In Dr. Goddard's book, Drawing Heaven into Your Marriage, he says, "'And [God] gave unto them commandments, that they should worship the Lord their God, and should offer the firsdings of their flocks, for an offering unto the Lord. And Adam was obedient unto the commandments of the Lord" (Moses 5:5). Adam and Eve were to offer God their very best, the "firstlings of their flocks." I wonder what the firstlings of our flocks are. Is it our cherished free time that we must put on the altar? Is it our love for sports, games, reading, shopping, clothes, or money that must be sacrificed?"

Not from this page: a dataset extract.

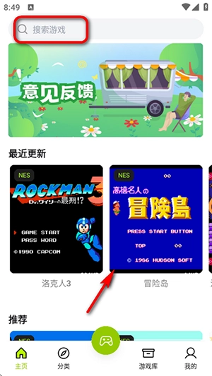 1、打开后在首页选择想玩的游戏,也可直接搜索。
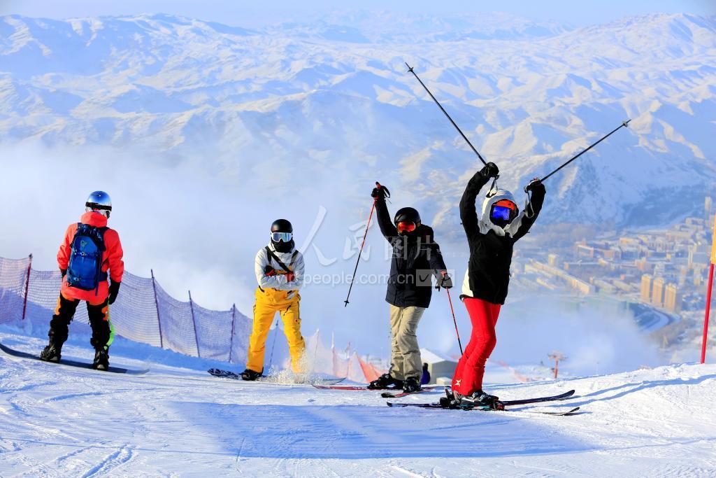2021年12月10日,新疆阿勒泰市将军山滑雪场,游客正在滑雪,体验冰雪运动的魅力。

It is with this quote in mind that I ask myself this question.  What firstlings of my flock do I need to place on the alter to strengthen my marriage and help my spouse feel more cherished? It is humbling to take a close look at yourself and how your actions are affecting your spouse.  I have come to the conclusion that I need to put my phone away at night. I like to end my day with mind numbing internet surfing, usually facebook. After we put the kids to bed I get ready for bed and then sit on the couch with my phone for 1/2 hour. I need to put my phone in another room and make eye contact with my spouse. I know this will help him feel cherished because he will have a visual reminder that I care more about him than I do my phone. Instead of wasting time on my phone for 1/2 hour I can have an extra 1/2 hour of pillow talk (a fun activity my spouse and I do very frequently to keep our friendship strong and feel emotionally close to one another).

Ask yourself this same question. Ponder and pray about it. The Lord will help you know what will be most beneficial for your marriage. Then use it as a stepping stone to creating your happily ever after.